Recorded data:
★ ★ ★

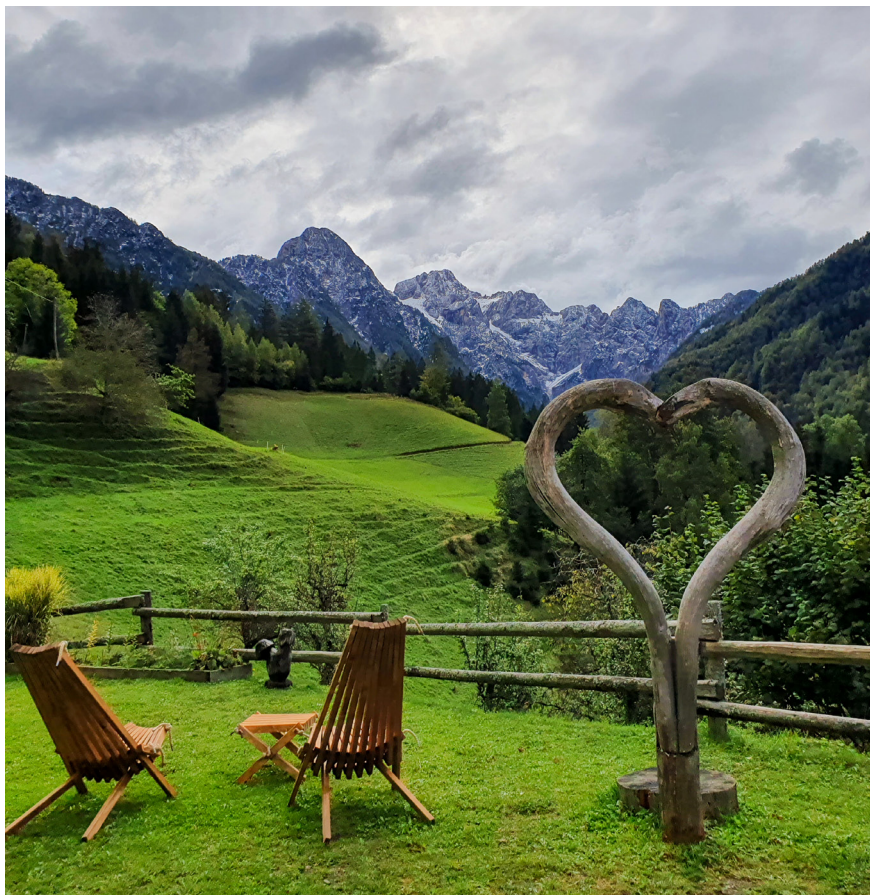
Fotografija 1: Razgledna točka, urejena v turistični namen. Taja Ivanc, Matkov kot, 2020.

Postavljanje meja in preprečevanje vstopanja na določena območja se torej zgodi predvsem takrat, kadar turisti na njih počnejo nekaj nezaželenega, celo uničujočega:
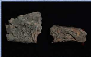
2個体出土した線刻のある石
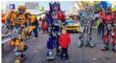
Les ROBOTS EXTRATERRESTRES PERFORMERS du Futur
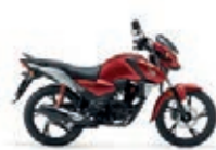
Pearl Splendor Red
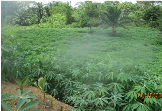
Parc à bois à Bambaye (Bassin Bayaswa – Antenne Bengamisa)
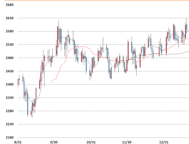
납 가격과 이동평균선(5, 20, 60)
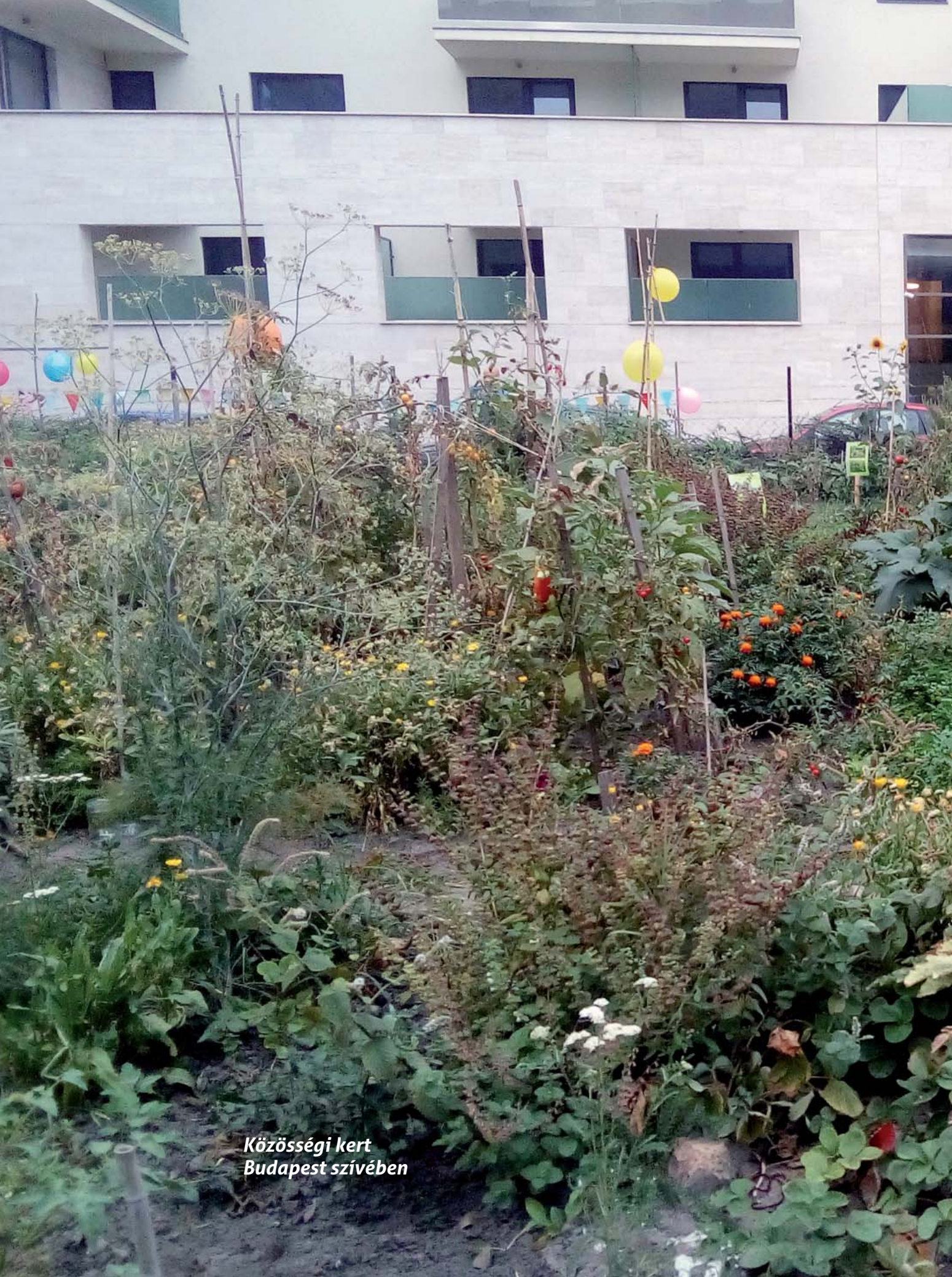
Közösségi kert Budapest szívében
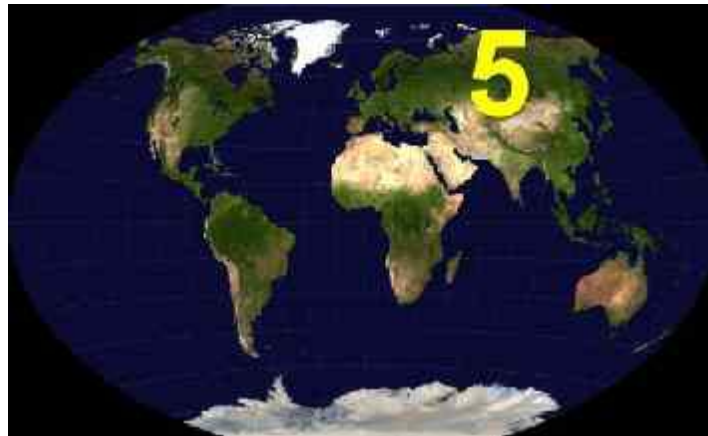
Abb. 7: Reich 5

Die russische Koalition wird Israel plötzlich angreifen, um sich der Reichtümer des Landes zu bewältigen. Für Gog und Russland wird es einerseits um das Öl und das Gold gehen, das Großisrael den Arabern abgenommen hat. Die gewaltige Erweiterung der geostrategischen Macht Russlands im Mittelmeerraum und im gesamten Mittleren Osten wird das zweite Hauptmotiv sein. Global gesehen wird Russland drittens auch die Vorherrschaft gegenüber China anstreben, also letztlich die Weltmacht des russischen Kommunismus. Von diesem Ziel haben alle russischen Diktatoren und Präsidenten seit der Oktoberrevolution von 1917 geträumt. Jetzt endlich wird Gog glauben, dass der geeignete Zeitpunkt zum Großangriff auf Israel gekommen sei.
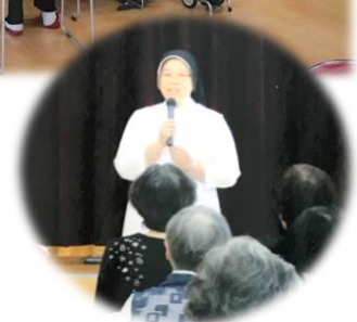
* 分かち合いの様子(図上)と、
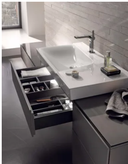
Geräumige Schubladen und Auszüge
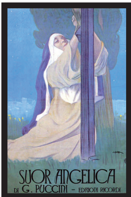
Locandina per la prima rappresentazione di Suor Angelica , 14 dicembre 1918 Metropolitan di New York con Geraldine Farrar, Flora Perini e Minnie Egner
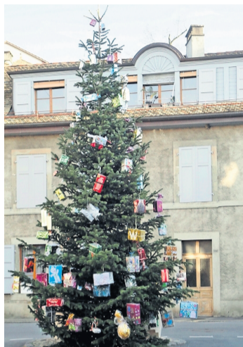
Le sapin de Noël décoré par les enfants. DENISE BERNASCONI

De superbes paquets de toutes les couleurs et de toutes les formes: des bleus, des rouges, des verts, des petits, des gros, certains en forme de gros bonbons, quelques-uns délicats ou d'autres paraplés d'une petite phrase sympathique.
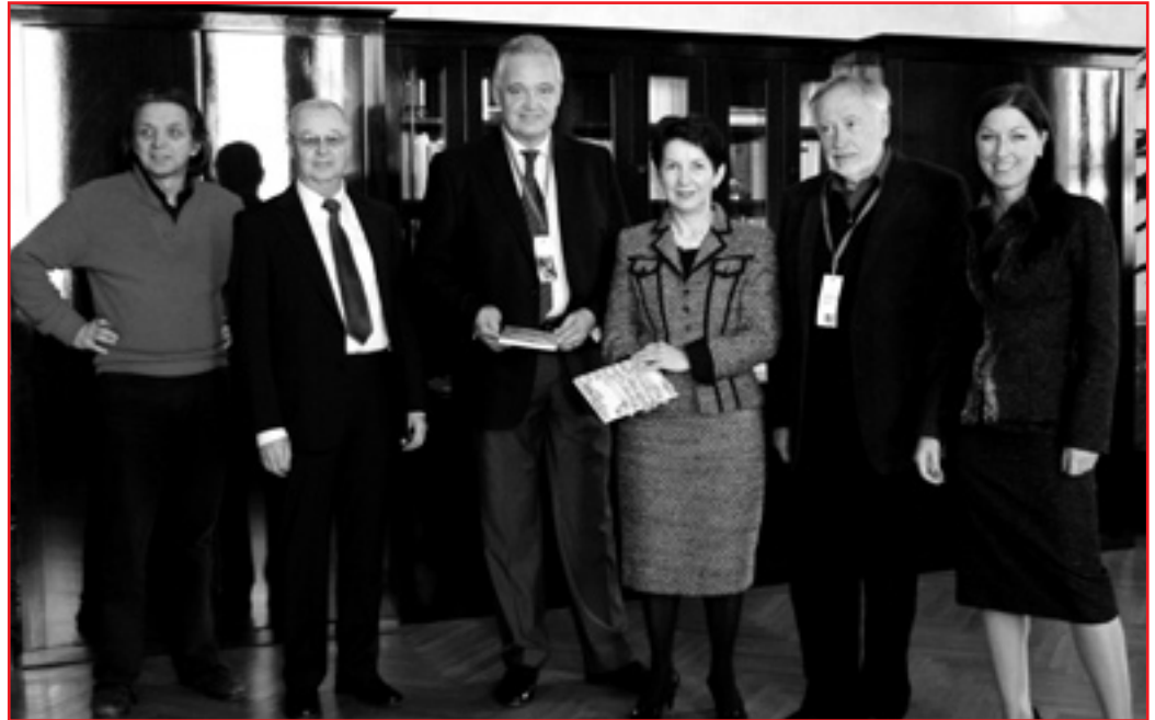
Nationalratspräsidentin Barbara Prammer schrieb das Vorwort im Konzeptbuch der Architekten in deutscher und slowenischer Sprache

Vorrangiges Ziel der Erneuerung ist, die Namen der Opfer dort zu verewigen. Ein Denkmal, das die Namen der Opfer dem Vergessen zu entreißen vermag, macht den Menschen in seinem geschichtlichen Wesen wieder kenntlich. Es geht
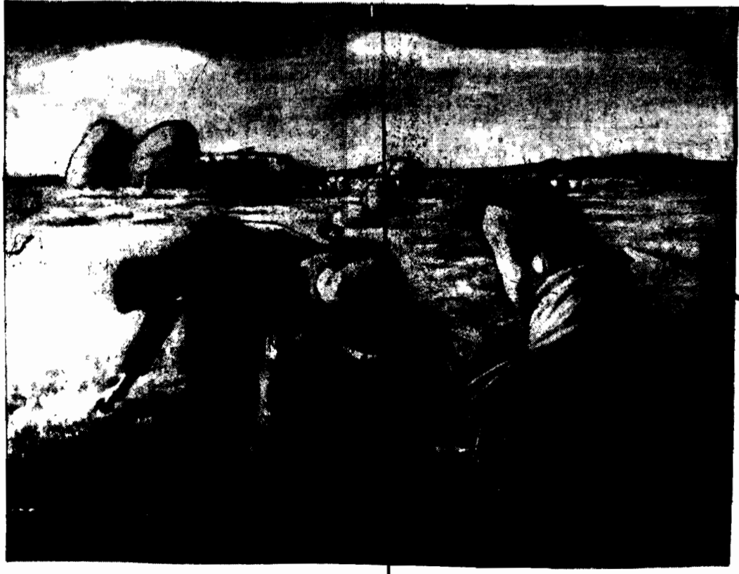
Malował JAN MILLET.

WIEN, 23.7. — Tel. wł. — Rada miejska Wiednia odrzuciła wniosek chrześcijańsko-socjalnych radnych, którzy zażądali rozwiązania milicji miejskiej (straż gminna), powołanej do życia podczas rozruchów.
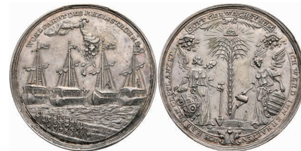
5435 Johann Friedrich Karl von Ostein, Silbermedaille (Dm. ca. 46,40mm, ca. 30,85g), o.J. (1744), unsign., auf die Förderung der freien Rheinschiffahrt. Av: Palmbaum, zu den Seiten zwei Genien, darüber das strahlende Auge Gottes, darum Umschrift. Rev: Vier bemannte Rheinschiffe (Mainz, Trier, Cöln und Pfalz), darüber Hand aus Wolke mit Füllhorn und "WOHLFAHRT DES RHEINSTROMS". Slg. P. A. -, Slg. Walther 514, kl. Rf., vz. Sehr selten! (Abbildung auf 90% verkleinert) 2500,—
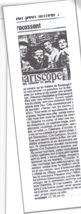
Tout peut arriver : racassant

● THEATRE DU RANELAGH, 5, rue des Vignes, 16 e (42.88.64.44). Jusqu'à fin décembre.
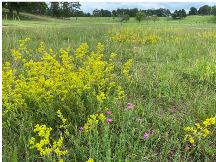
Genom att sköta högruff och sidoytor som ängsytor kan golfklubbar gynna ängsväxter och pollinatörer.

Under sommaren gjordes en inventering av hur golfklubbarna arbetar med hållbarhet idag och vilka åtgärder de är intresserade av att jobba med i projektet. Initialt har mycket fokus legat på att arbeta med åtgärder kopplade till vatten – att säkra tillgången till vatten, hushålla med vatten och samtidigt kunna bidra till vattenrening. Under vintern har fokus gått över mer på biologisk mångfald och studiebesök på klubbar som är goda exempel i våra grannlän.
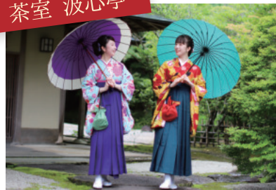
緑に囲まれたお茶室で 一服いかが？
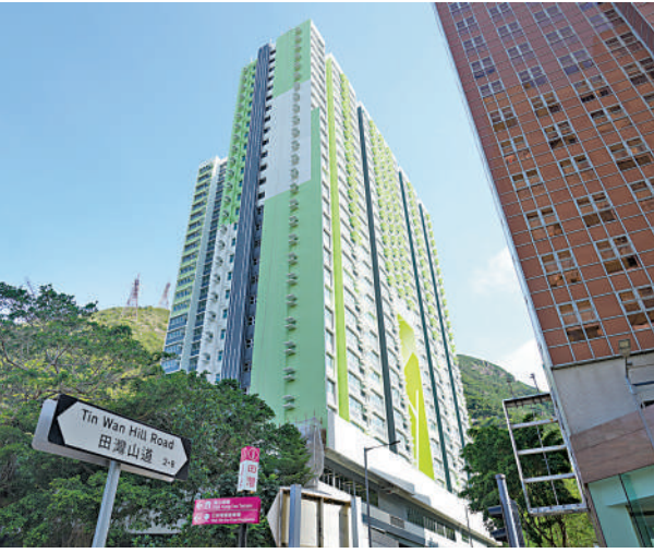
▲房協位於香港仔的漁映樓，是安置宏福苑居民的屋苑之一。
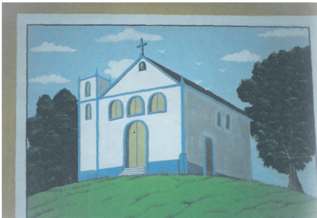
Foto 8 - Painel da Igreja de Nossa Senhora da Conceição de Marapicu

Na descrição acima, a professora C apresenta os painéis com um recurso didático utilizado pela escola, que pode ser explorado pelos demais professores, na apresentação de parte da história da cidade de Nova Iguaçu. Esta iniciativa é prova de que o trabalho de educação patrimonial que desenvolvi na unidade escolar rendeu frutos e pode ser apontado como um recurso didático e uma proposta metodológica mediadora no processo de ensino da História.
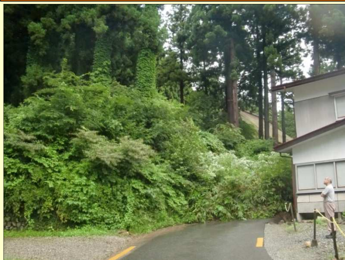
▲三重塔東側斜面崩落の様子 (7月18日午後5時頃撮影)

七月中旬から下旬にかけての豪雨は各地に多大な被害をもたらし、慈恩寺境内でも4カ所(崩落危険箇所含む)土砂崩落が発生しました。幸いにも人的被害はありませんでしたが、国史跡指定を目指す範囲内の土地形状に影響が出ました。 現在、崩落部や危険箇所は土砂が撤去され、ブルーシートで保護されています。災害防止や史跡の景観等への影響なども含め、早期の復旧・補強工事に向け本山慈恩寺はじめ関係機関で対応を協議しております。
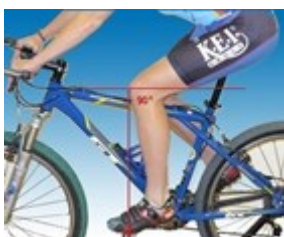
Obr. 3: Nastavení předozadní polohy sedla

Poměry délek trupu a končetin určují polohu sedla a řídítek ( Obr. 3). Při správném nastavení je výška sedla taková, aby jezdec dosáhl patou chodidla na pedál nacházející se v nejnižší poloze s nohou mírně pokrčenou a dokázal bez vychýlení boků několikrát protočit pedály vzad (Obr. 9, 10). Sklon sedla by měl být minimální (sedlo je rovnoběžné s podstavou), pokud směřuje špičkou příliš k zemi, jsou namáhané paže, v opačném případě dochází k bolestem v bederní části zad. Každá sedlovka má naznačenou minimální hranici zasunutí do rámu, kterou je z bezpečnostních důvodů třeba respektovat.
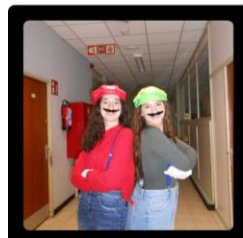
Halloween à l'école !
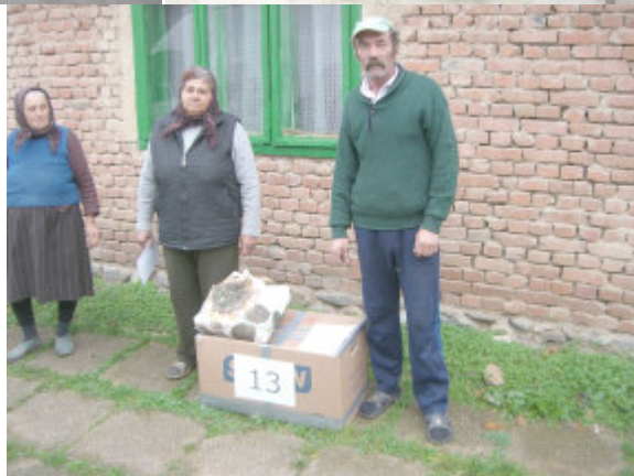
Fam. Ului foran huset, der trænger til at blive fuget

★ ★ ★

- Action item
The copy must match every line of the data exactly and contain no pictures.

- Reply to the task
Fotografija 1: Razgledna točka, urejena v turistični namen. Taja Ivanc, Matkov kot, 2020.

Postavljanje meja in preprečevanje vstopanja na določena območja se torej zgodi predvsem takrat, kadar turisti na njih počnejo nekaj nezaželenega, celo uničujočega:
2個体出土した線刻のある石
Les ROBOTS EXTRATERRESTRES PERFORMERS du Futur
Pearl Splendor Red
Parc à bois à Bambaye (Bassin Bayaswa – Antenne Bengamisa)
납 가격과 이동평균선(5, 20, 60)
Közösségi kert Budapest szívében
Abb. 7: Reich 5

Die russische Koalition wird Israel plötzlich angreifen, um sich der Reichtümer des Landes zu bewältigen. Für Gog und Russland wird es einerseits um das Öl und das Gold gehen, das Großisrael den Arabern abgenommen hat. Die gewaltige Erweiterung der geostrategischen Macht Russlands im Mittelmeerraum und im gesamten Mittleren Osten wird das zweite Hauptmotiv sein. Global gesehen wird Russland drittens auch die Vorherrschaft gegenüber China anstreben, also letztlich die Weltmacht des russischen Kommunismus. Von diesem Ziel haben alle russischen Diktatoren und Präsidenten seit der Oktoberrevolution von 1917 geträumt. Jetzt endlich wird Gog glauben, dass der geeignete Zeitpunkt zum Großangriff auf Israel gekommen sei.
* 分かち合いの様子(図上)と、
Geräumige Schubladen und Auszüge
Locandina per la prima rappresentazione di Suor Angelica , 14 dicembre 1918 Metropolitan di New York con Geraldine Farrar, Flora Perini e Minnie Egner
Le sapin de Noël décoré par les enfants. DENISE BERNASCONI

De superbes paquets de toutes les couleurs et de toutes les formes: des bleus, des rouges, des verts, des petits, des gros, certains en forme de gros bonbons, quelques-uns délicats ou d'autres paraplés d'une petite phrase sympathique.
Nationalratspräsidentin Barbara Prammer schrieb das Vorwort im Konzeptbuch der Architekten in deutscher und slowenischer Sprache

Vorrangiges Ziel der Erneuerung ist, die Namen der Opfer dort zu verewigen. Ein Denkmal, das die Namen der Opfer dem Vergessen zu entreißen vermag, macht den Menschen in seinem geschichtlichen Wesen wieder kenntlich. Es geht
Malował JAN MILLET.

WIEN, 23.7. — Tel. wł. — Rada miejska Wiednia odrzuciła wniosek chrześcijańsko-socjalnych radnych, którzy zażądali rozwiązania milicji miejskiej (straż gminna), powołanej do życia podczas rozruchów.
5435 Johann Friedrich Karl von Ostein, Silbermedaille (Dm. ca. 46,40mm, ca. 30,85g), o.J. (1744), unsign., auf die Förderung der freien Rheinschiffahrt. Av: Palmbaum, zu den Seiten zwei Genien, darüber das strahlende Auge Gottes, darum Umschrift. Rev: Vier bemannte Rheinschiffe (Mainz, Trier, Cöln und Pfalz), darüber Hand aus Wolke mit Füllhorn und "WOHLFAHRT DES RHEINSTROMS". Slg. P. A. -, Slg. Walther 514, kl. Rf., vz. Sehr selten! (Abbildung auf 90% verkleinert) 2500,—
Tout peut arriver : racassant

● THEATRE DU RANELAGH, 5, rue des Vignes, 16 e (42.88.64.44). Jusqu'à fin décembre.
Genom att sköta högruff och sidoytor som ängsytor kan golfklubbar gynna ängsväxter och pollinatörer.

Under sommaren gjordes en inventering av hur golfklubbarna arbetar med hållbarhet idag och vilka åtgärder de är intresserade av att jobba med i projektet. Initialt har mycket fokus legat på att arbeta med åtgärder kopplade till vatten – att säkra tillgången till vatten, hushålla med vatten och samtidigt kunna bidra till vattenrening. Under vintern har fokus gått över mer på biologisk mångfald och studiebesök på klubbar som är goda exempel i våra grannlän.
緑に囲まれたお茶室で 一服いかが？
▲房協位於香港仔的漁映樓，是安置宏福苑居民的屋苑之一。
Foto 8 - Painel da Igreja de Nossa Senhora da Conceição de Marapicu

Na descrição acima, a professora C apresenta os painéis com um recurso didático utilizado pela escola, que pode ser explorado pelos demais professores, na apresentação de parte da história da cidade de Nova Iguaçu. Esta iniciativa é prova de que o trabalho de educação patrimonial que desenvolvi na unidade escolar rendeu frutos e pode ser apontado como um recurso didático e uma proposta metodológica mediadora no processo de ensino da História.
▲三重塔東側斜面崩落の様子 (7月18日午後5時頃撮影)

七月中旬から下旬にかけての豪雨は各地に多大な被害をもたらし、慈恩寺境内でも4カ所(崩落危険箇所含む)土砂崩落が発生しました。幸いにも人的被害はありませんでしたが、国史跡指定を目指す範囲内の土地形状に影響が出ました。 現在、崩落部や危険箇所は土砂が撤去され、ブルーシートで保護されています。災害防止や史跡の景観等への影響なども含め、早期の復旧・補強工事に向け本山慈恩寺はじめ関係機関で対応を協議しております。
Obr. 3: Nastavení předozadní polohy sedla

Poměry délek trupu a končetin určují polohu sedla a řídítek ( Obr. 3). Při správném nastavení je výška sedla taková, aby jezdec dosáhl patou chodidla na pedál nacházející se v nejnižší poloze s nohou mírně pokrčenou a dokázal bez vychýlení boků několikrát protočit pedály vzad (Obr. 9, 10). Sklon sedla by měl být minimální (sedlo je rovnoběžné s podstavou), pokud směřuje špičkou příliš k zemi, jsou namáhané paže, v opačném případě dochází k bolestem v bederní části zad. Každá sedlovka má naznačenou minimální hranici zasunutí do rámu, kterou je z bezpečnostních důvodů třeba respektovat.
Halloween à l'école !
Fam. Ului foran huset, der trænger til at blive fuget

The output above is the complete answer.